(Input material begins)

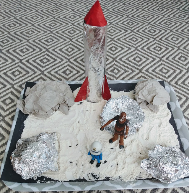 Sprinkle some flour onto a tray. Find some characters to be your astronaut and creature. Make a model rocket using junk modelling. Model a landscape using real rocks and pebbles or make some using pliable materials such as screwed up paper and foil. Then retell the story using your characters and props.
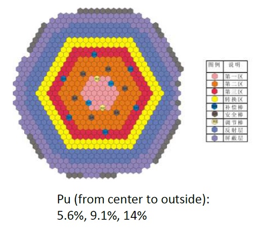 Перспективные проекты Вслед за CEFR в Китае должны появиться новые быстрые реакторы с натриевым теплоносителем. В институте CIAE разрабатывают проект демонстрационного реактора CFR-600, пуск которого может состояться в 2023 году. Проект CFR-600 учитывает как требования к четвёртому поколению ядерных реакторов, так и уроки Фукусимы. Его тепловая мощность составит 1500 МВт, электрическая мощность - 600 МВт(эл.). Значение к.п.д. достигнет 41%. Проектный срок службы - 60 лет. Топливом для CFR-600 послужит MOX, прогнозируемая максимальная глубина выгорания - 100 МВт×сут/кг. Значение КВ составит 1,2. К активным системам безопасности добавят пассивные дополнения, под реактором установят ловушку расплава, усилят контейнмент. В концептуальном виде с проектом нового реактора можно будет ознакомиться через год, а предварительный проект появится в декабре 2015 года. Одновременно Китай сохраняет интерес к проекту реактора с бегущей волной, предлагаемому американской компанией "Terra Power". Сотрудники детища Билли Гейтса установили первые контакты с китайскими специалистами в 2009 году. Правительство КНР дало поручение корпорации CNNC создать рабочую группу для оценки перспектив реакторов TWR с бегущей волной. По мнению группы, их практическая реализация станет возможной, "если будет освоена технология металлического топлива и создано ключевое оборудование".
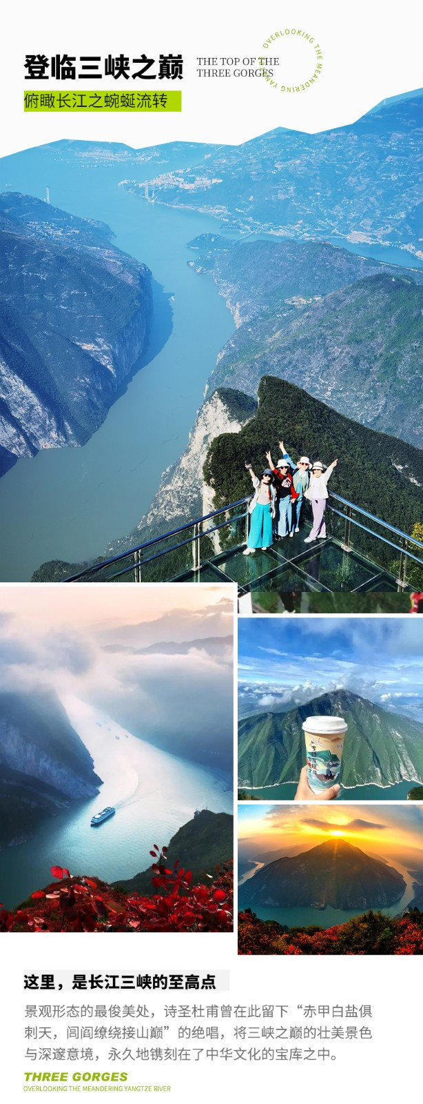 上午前往【三峡之巅】三峡之巅因杜甫“赤甲白盐俱刺天,闾阎缭绕接山巅”的诗句而得名,有夔鼓神坛、四望乐坛、音祖雕像、夔字门、竹律雅欄、迎龙台等景点。这里是三峡的制高点,我们将在这里俯瞰瞿塘峡全景,观长江的壮美,以及群山的拥簇。
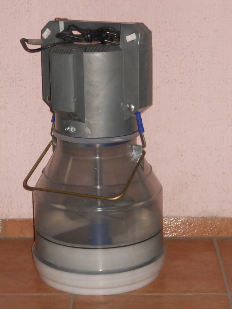 Благодаря двум застежкам, которые фиксируют  емкостной бак с электроприводом и рабочими органами пищевой бак легко отделяется. Наша маслобойка надежная и гарантирует полное взбивание масла из залитых сливок или сметаны.
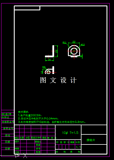 本次设计的形状是L形件,针对这样的零件,最好的方案,是采用中间载体,两侧冲裁的方法设计模具,两件同时冲裁,中间连接部分做载体,最后切断,冲一次可以同时出两个零件,生产效率可以提高一倍。
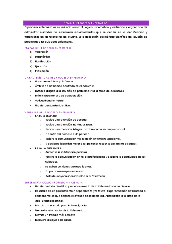Apuntes de enfermería del Proceso Enfermero y cuidados enfermeros en las necesidades
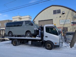 レッカーご依頼頂きました 乗っかってるハイエースは我が社のレンタカーです
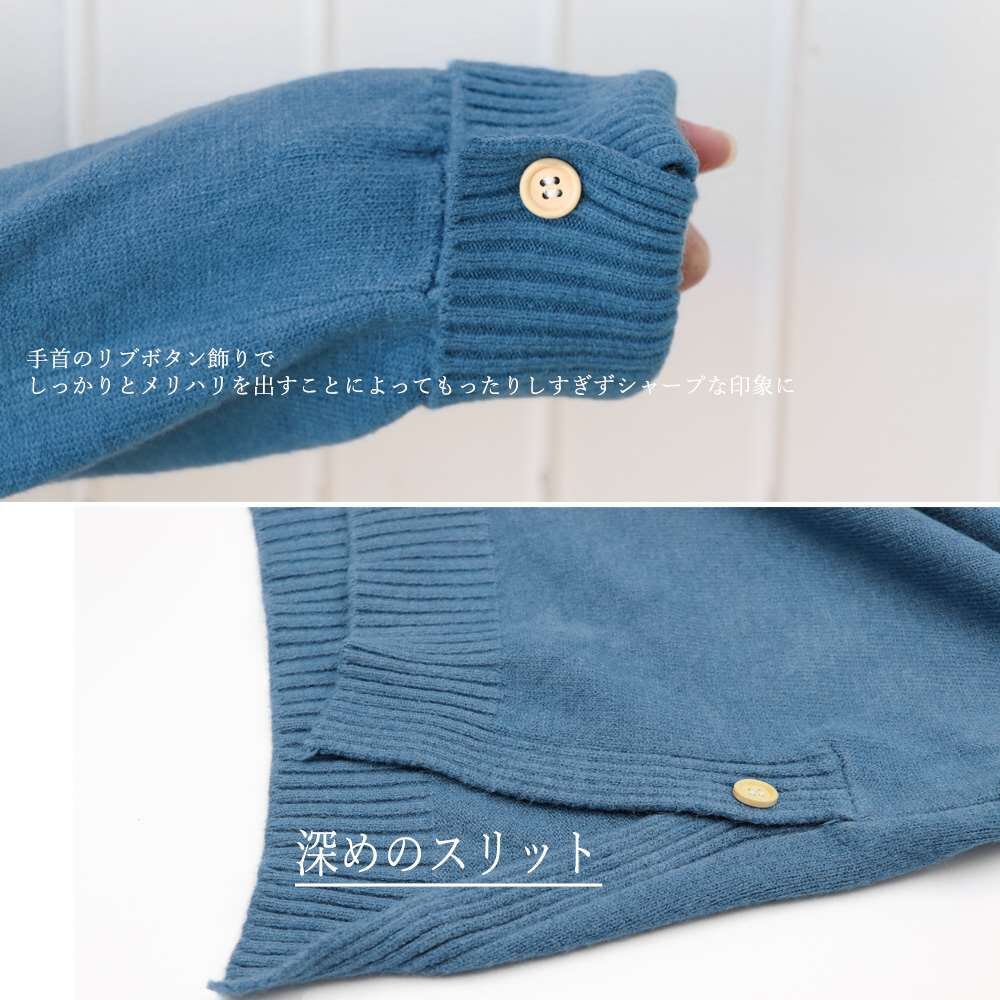 首元のVネック、手首のリブボタン飾りでしっかりとメリハリを出すことによってもったりしすぎずシャープな印象に
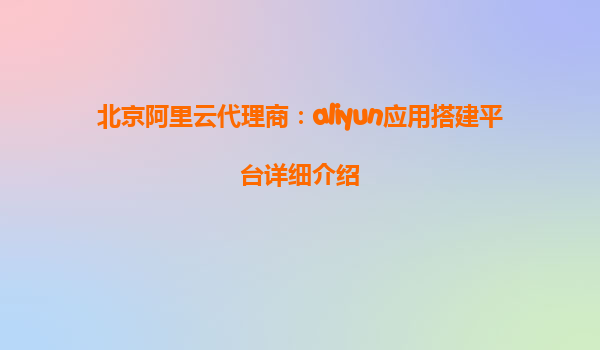 上海阿里云代理商:aliyun应用搭建平台商业化
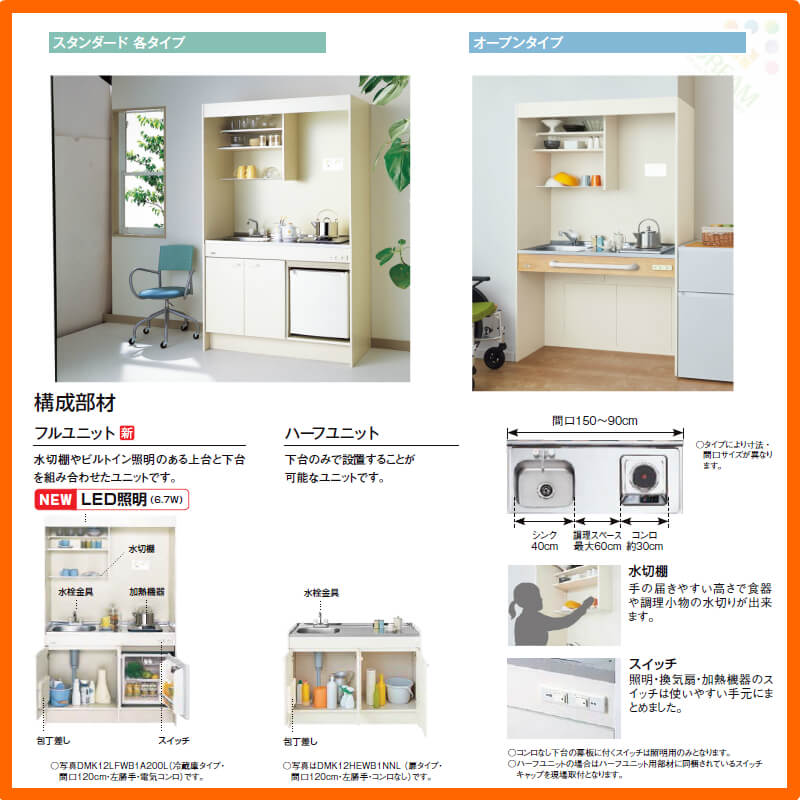 LIXIL ミニキッチン フルユニット 冷蔵庫タイプ(冷蔵庫付) 間口120cm ガスコンロ DMK12LFWB(1/2)D◆(R/L)
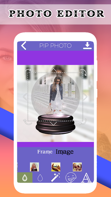Pip editor foto kamera & aplikasi terbaik dengan kesan kilauan untuk menjadikan foto anda lebih bergaya dan menarik dengan beberapa saat. "Kamera PIP" adalah "aplikasi gambar dalam gambar". Ia membolehkan anda meletakkan gambar di dalam gambar untuk membuat penampilan yang bergaya. Ini dapat dilakukan melalui bingkai aneh, objek sehari-hari seperti kamera, TV, CD, atau botol minyak wangi. Selain itu, gambar di latar atau di latar depan dapat diedit dengan penapis yang berbeza. Aplikasi ini sangat sesuai untuk gambar selfie dan potret - anda boleh menggunakannya untuk membuat gambar dan kad ucapan kreatif.
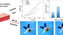 The hydraulic hydrogel actuators were designed based on previously reported soft actuators (Supplementary Fig. 2)4,5,22,24. The moulds for each parts were fabricated using 3D printer (Form2; Formlabs) and laser cutter (Epilog Mini/Helix; Epilog Laser) based on computer-aided design drawings generated from commercial 3D modelling software (Solidworks; Dassault Systems). Each hydrogel parts were prepared by physically crosslinking hydrogels using the moulds. Physically crosslinked hydrogels were fabricated by pouring pre-gel solution into the moulds and covering glass plates. The pre-gel solution for the soft PAAm-alginate tough hydrogel was prepared by mixing carefully degassed aqueous solution (22.2 wt.% AAm, 1.5 wt.% sodium alginate, 0.02 wt.% MBAA, 0.2 wt.% Irgacure 2959, 2.2 wt.% glucose and 0.01 wt.% glucose oxidase) with ionic crosslinkers (calcium sulfate slurry with final concentration of 20 × 10−3 M in crosslinked hydrogel). The pre-gel solution for the stiff PAAm-alginate tough hydrogel was prepared by mixing carefully degassed aqueous solution (22.2 wt.% AAm, 3 wt.% sodium alginate, 0.02 wt.% MBAA, 0.2 wt.% Irgacure 2959, 2.2 wt.% glucose and 0.01 wt.% glucose oxidase) with ionic crosslinkers (calcium sulfate slurry with final concentration of 60 × 10−3 M in crosslinked hydrogel). The physically crosslinked hydrogels in the moulds were kept in a humid chamber for 1 h to make sure the formation of physical crosslinks. Thereafter, the physically crosslinked hydrogel parts were carefully separated from the moulds and assembled each other together with hydraulic connections (for example, elastomeric tubings). Elastomeric tubings were treated with benzophenone solution (10 wt.% in ethanol) for 2 min at the room temperature (23 °C) to form robust interface with hydrogel27. Treated elastomeric tubings were washed with methanol three times and completely dried with nitrogen gas before being assembled with the physically crosslinked hydrogel parts.
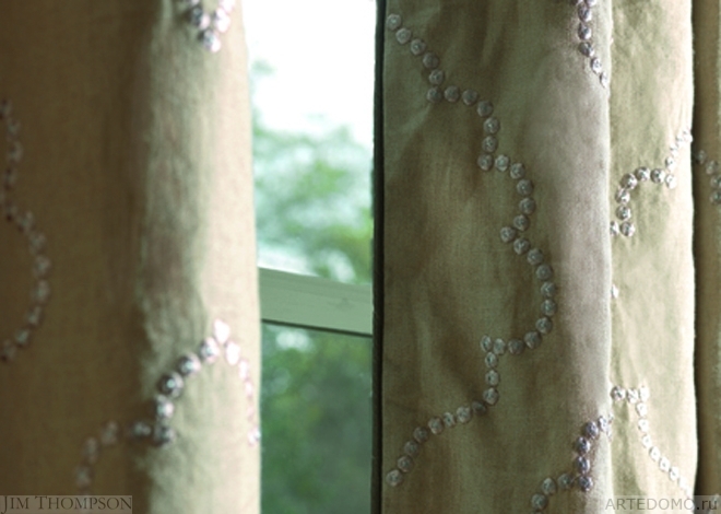 Эта восхитительная вышивка по льну вдохновлена используемой в Индии техникой прикрепления к полотну маленьких зеркал или металлических предметов. Здесь зеркала заменяет серебряная металлическая нить, создающая эффект сверкающего на свету ювелирного украшения. Крупный мотив «медальон», вышитый из цепочек маленьких кружков, классически прост и придает этой ткани изощренность и долговечность.
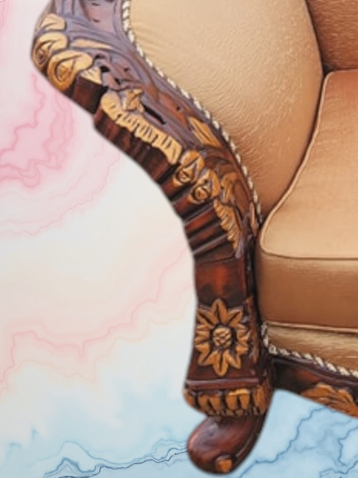 🪵 Artesanía de Madera Tallada El marco de cada pieza está elaborado con madera oscura de alta calidad, cuidadosamente tallada a mano con intrincados detalles ornamentales. Los motivos florales y las curvas elegantes reflejan la excelencia artesanal y evocan un aire de realeza y tradición.
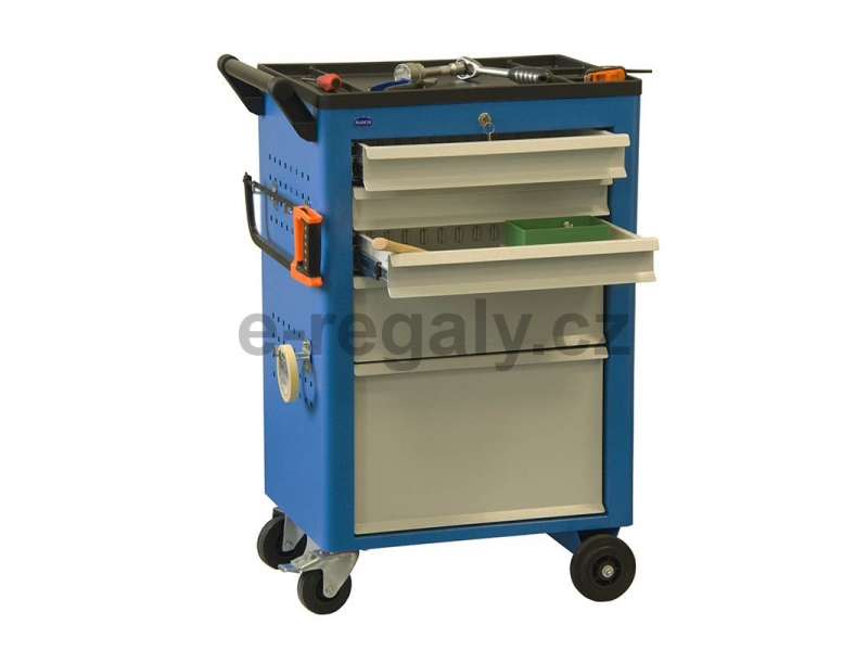 Montážní vozíky jsou vyrobeny z masívní svařované ocelové konstrukce opatřené pojezdovými koly s brzdou. Jsou ideálním vybavením dílen a servisních středisek. Poskytují přehledné uspořádání nářadí a nástrojů v zásuvkách nebo na poličkách.
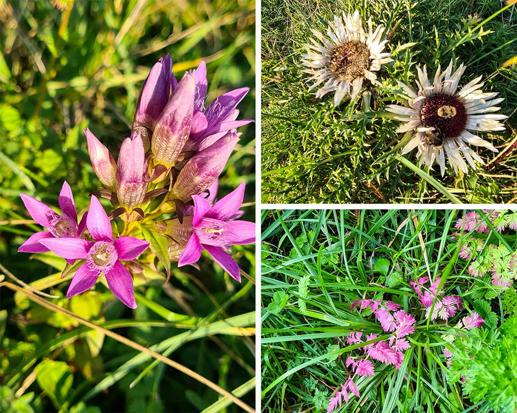 Ich bin froh, dass ich Ralph schon am Samstagabend überreden konnte, auf den Sternberg zu steigen und so kann ich euch schöne Fotos von der Abendstimmung bei Sonnenschein zeigen. Die Wacholderheide unterhalb des Turms ist wunderschön. Ich entdecke Herbstenzian und Silberdisteln, rot leuchtende Hagebutten kündigen den Herbst an. Nur die Schafe fehlen zum perfekten Alb-Klischee.

(Input material ends)

(Exercise prompt): Copy every record above exactly, leaving out the pictures.

(Solution to this task):
 Sprinkle some flour onto a tray. Find some characters to be your astronaut and creature. Make a model rocket using junk modelling. Model a landscape using real rocks and pebbles or make some using pliable materials such as screwed up paper and foil. Then retell the story using your characters and props.
 Перспективные проекты Вслед за CEFR в Китае должны появиться новые быстрые реакторы с натриевым теплоносителем. В институте CIAE разрабатывают проект демонстрационного реактора CFR-600, пуск которого может состояться в 2023 году. Проект CFR-600 учитывает как требования к четвёртому поколению ядерных реакторов, так и уроки Фукусимы. Его тепловая мощность составит 1500 МВт, электрическая мощность - 600 МВт(эл.). Значение к.п.д. достигнет 41%. Проектный срок службы - 60 лет. Топливом для CFR-600 послужит MOX, прогнозируемая максимальная глубина выгорания - 100 МВт×сут/кг. Значение КВ составит 1,2. К активным системам безопасности добавят пассивные дополнения, под реактором установят ловушку расплава, усилят контейнмент. В концептуальном виде с проектом нового реактора можно будет ознакомиться через год, а предварительный проект появится в декабре 2015 года. Одновременно Китай сохраняет интерес к проекту реактора с бегущей волной, предлагаемому американской компанией "Terra Power". Сотрудники детища Билли Гейтса установили первые контакты с китайскими специалистами в 2009 году. Правительство КНР дало поручение корпорации CNNC создать рабочую группу для оценки перспектив реакторов TWR с бегущей волной. По мнению группы, их практическая реализация станет возможной, "если будет освоена технология металлического топлива и создано ключевое оборудование".
 上午前往【三峡之巅】三峡之巅因杜甫“赤甲白盐俱刺天,闾阎缭绕接山巅”的诗句而得名,有夔鼓神坛、四望乐坛、音祖雕像、夔字门、竹律雅欄、迎龙台等景点。这里是三峡的制高点,我们将在这里俯瞰瞿塘峡全景,观长江的壮美,以及群山的拥簇。
 Благодаря двум застежкам, которые фиксируют  емкостной бак с электроприводом и рабочими органами пищевой бак легко отделяется. Наша маслобойка надежная и гарантирует полное взбивание масла из залитых сливок или сметаны.
 本次设计的形状是L形件,针对这样的零件,最好的方案,是采用中间载体,两侧冲裁的方法设计模具,两件同时冲裁,中间连接部分做载体,最后切断,冲一次可以同时出两个零件,生产效率可以提高一倍。
Apuntes de enfermería del Proceso Enfermero y cuidados enfermeros en las necesidades
 レッカーご依頼頂きました 乗っかってるハイエースは我が社のレンタカーです
 首元のVネック、手首のリブボタン飾りでしっかりとメリハリを出すことによってもったりしすぎずシャープな印象に
 上海阿里云代理商:aliyun应用搭建平台商业化
 LIXIL ミニキッチン フルユニット 冷蔵庫タイプ(冷蔵庫付) 間口120cm ガスコンロ DMK12LFWB(1/2)D◆(R/L)
Pip editor foto kamera & aplikasi terbaik dengan kesan kilauan untuk menjadikan foto anda lebih bergaya dan menarik dengan beberapa saat. "Kamera PIP" adalah "aplikasi gambar dalam gambar". Ia membolehkan anda meletakkan gambar di dalam gambar untuk membuat penampilan yang bergaya. Ini dapat dilakukan melalui bingkai aneh, objek sehari-hari seperti kamera, TV, CD, atau botol minyak wangi. Selain itu, gambar di latar atau di latar depan dapat diedit dengan penapis yang berbeza. Aplikasi ini sangat sesuai untuk gambar selfie dan potret - anda boleh menggunakannya untuk membuat gambar dan kad ucapan kreatif.
 The hydraulic hydrogel actuators were designed based on previously reported soft actuators (Supplementary Fig. 2)4,5,22,24. The moulds for each parts were fabricated using 3D printer (Form2; Formlabs) and laser cutter (Epilog Mini/Helix; Epilog Laser) based on computer-aided design drawings generated from commercial 3D modelling software (Solidworks; Dassault Systems). Each hydrogel parts were prepared by physically crosslinking hydrogels using the moulds. Physically crosslinked hydrogels were fabricated by pouring pre-gel solution into the moulds and covering glass plates. The pre-gel solution for the soft PAAm-alginate tough hydrogel was prepared by mixing carefully degassed aqueous solution (22.2 wt.% AAm, 1.5 wt.% sodium alginate, 0.02 wt.% MBAA, 0.2 wt.% Irgacure 2959, 2.2 wt.% glucose and 0.01 wt.% glucose oxidase) with ionic crosslinkers (calcium sulfate slurry with final concentration of 20 × 10−3 M in crosslinked hydrogel). The pre-gel solution for the stiff PAAm-alginate tough hydrogel was prepared by mixing carefully degassed aqueous solution (22.2 wt.% AAm, 3 wt.% sodium alginate, 0.02 wt.% MBAA, 0.2 wt.% Irgacure 2959, 2.2 wt.% glucose and 0.01 wt.% glucose oxidase) with ionic crosslinkers (calcium sulfate slurry with final concentration of 60 × 10−3 M in crosslinked hydrogel). The physically crosslinked hydrogels in the moulds were kept in a humid chamber for 1 h to make sure the formation of physical crosslinks. Thereafter, the physically crosslinked hydrogel parts were carefully separated from the moulds and assembled each other together with hydraulic connections (for example, elastomeric tubings). Elastomeric tubings were treated with benzophenone solution (10 wt.% in ethanol) for 2 min at the room temperature (23 °C) to form robust interface with hydrogel27. Treated elastomeric tubings were washed with methanol three times and completely dried with nitrogen gas before being assembled with the physically crosslinked hydrogel parts.
 Эта восхитительная вышивка по льну вдохновлена используемой в Индии техникой прикрепления к полотну маленьких зеркал или металлических предметов. Здесь зеркала заменяет серебряная металлическая нить, создающая эффект сверкающего на свету ювелирного украшения. Крупный мотив «медальон», вышитый из цепочек маленьких кружков, классически прост и придает этой ткани изощренность и долговечность.
 🪵 Artesanía de Madera Tallada El marco de cada pieza está elaborado con madera oscura de alta calidad, cuidadosamente tallada a mano con intrincados detalles ornamentales. Los motivos florales y las curvas elegantes reflejan la excelencia artesanal y evocan un aire de realeza y tradición.
 Montážní vozíky jsou vyrobeny z masívní svařované ocelové konstrukce opatřené pojezdovými koly s brzdou. Jsou ideálním vybavením dílen a servisních středisek. Poskytují přehledné uspořádání nářadí a nástrojů v zásuvkách nebo na poličkách.
 Ich bin froh, dass ich Ralph schon am Samstagabend überreden konnte, auf den Sternberg zu steigen und so kann ich euch schöne Fotos von der Abendstimmung bei Sonnenschein zeigen. Die Wacholderheide unterhalb des Turms ist wunderschön. Ich entdecke Herbstenzian und Silberdisteln, rot leuchtende Hagebutten kündigen den Herbst an. Nur die Schafe fehlen zum perfekten Alb-Klischee.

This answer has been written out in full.